In Pocahontas the antagonist is the exploiter, the disrupter of natural order,
and the destroyer, and male. In Hercules he is the manipulator and
manifestation of evil. In Mulan he is represented as the mindless horde of
destroyers. In frozen he is the liar, the cheater, the bully. In Aladdin it is
the mustache-twirling, eye-rolling, leering, and old man.

There is a small minority of Disney movies that have a female antagonist, but
they are all version of the same evil witch stereotype. Old, infertile,
predator of children.

So what does this teach children about social behavior and crime? What about
who deserve sympathy and who is redeemable? About conflict resolution and
handling of blame?

Disney movies aren't the best places if we want to avoid stereotypes, and that
include the newer movies like Frozen.

------
mercutio2
This is a good and interesting article, with which I largely agree (I impose
more extreme limitations on princess products than this author is calling for,
in fact).

But this statement, which the author implies is problematic:

"A successful public life interferes in a woman’s private life."

Just seems true, regardless of whether you replace woman with person.

Pretending all adults have limitless capacity to be SuperFamily while
simultaneously being SuperWorkerBee just seems silly.

As it happens, I tend to think The Kids Are Alright is a pretty good way of
thinking about family/work compromises; it's mostly about adult's preference
to be all things to all people, not about kids' needs.

In a way, I think this idea we're super accessible to kids even when working
hard actually can lead to worse parent child engagement. Really high quality
interactions often take planning, and if you're too busy beating yourself up
over missing bedtime, you don't take the time to plan that special activity.

------
wavefunction
Thank god. If ever I am lucky enough to have a daughter I hope to expose her
to the vivacious and remarkable women throughout history, be they scientists
or explorers or athletes.

The reality for most actual Princesses throughout history is depressing and
off-putting, and the fantasy is saccharine and irresponsible.

------
ctdonath
Another biased article completely failing to address the natural tendencies
toward "gender roles". Yes, maybe society tends to enforce them, but kids are
not blank slates waiting for gender assignment.
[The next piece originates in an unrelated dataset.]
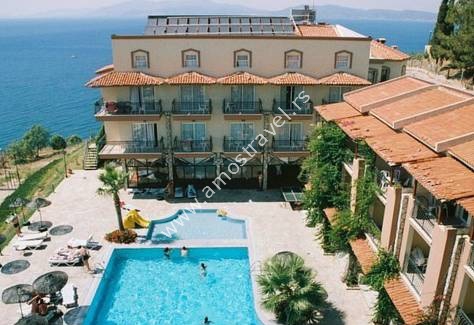 Sadržaji: Recepcija, otvoreni i zatvoreni deo restorana, A la carte restoran, bar, otvoreni bazen, bazen za decu, bilijar, stoni tenis, animacija, servis za pranje veša, Internet, doktor, parking…
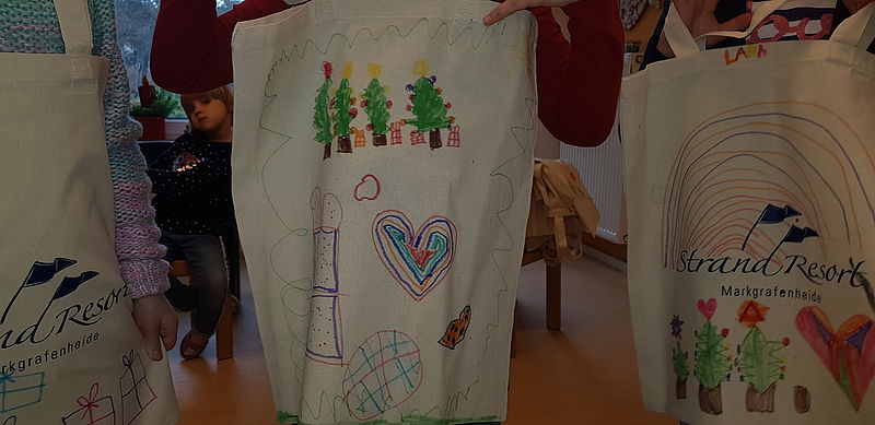 Das Hotel "Strand Resort" hatte Herrn Krostitz Stoffbeutel gesponsert, indenen die Weihnachtsgaben verschenkt werden sollten. Aber die Beutel sahen gar nicht weihnachtlich aus!

There's a difference between "back off the pink and guns" vs "respect natural
tendencies, and variations thereto".

------
DanBC
If you want good role models for girls the book _Good Night Stories for Rebel
Girls_ might be interesting.

[https://www.amazon.co.uk/Good-Night-Stories-Rebel-
Girls/dp/0...](https://www.amazon.co.uk/Good-Night-Stories-Rebel-
Girls/dp/014198600X)

------
lupinglade
Do most people really not realize this? Teach your kids to be human and
capable, not princesses and scared of everything.

------
easychewie
_1\. Leadership is male.

2\. Women are better leaders when they look and act like men.

3\. A successful public life interferes in a woman’s private life.

4\. When women get emotionally involved, they lose rational thought, and their
leadership capacity fails them._

I couldn't agree more.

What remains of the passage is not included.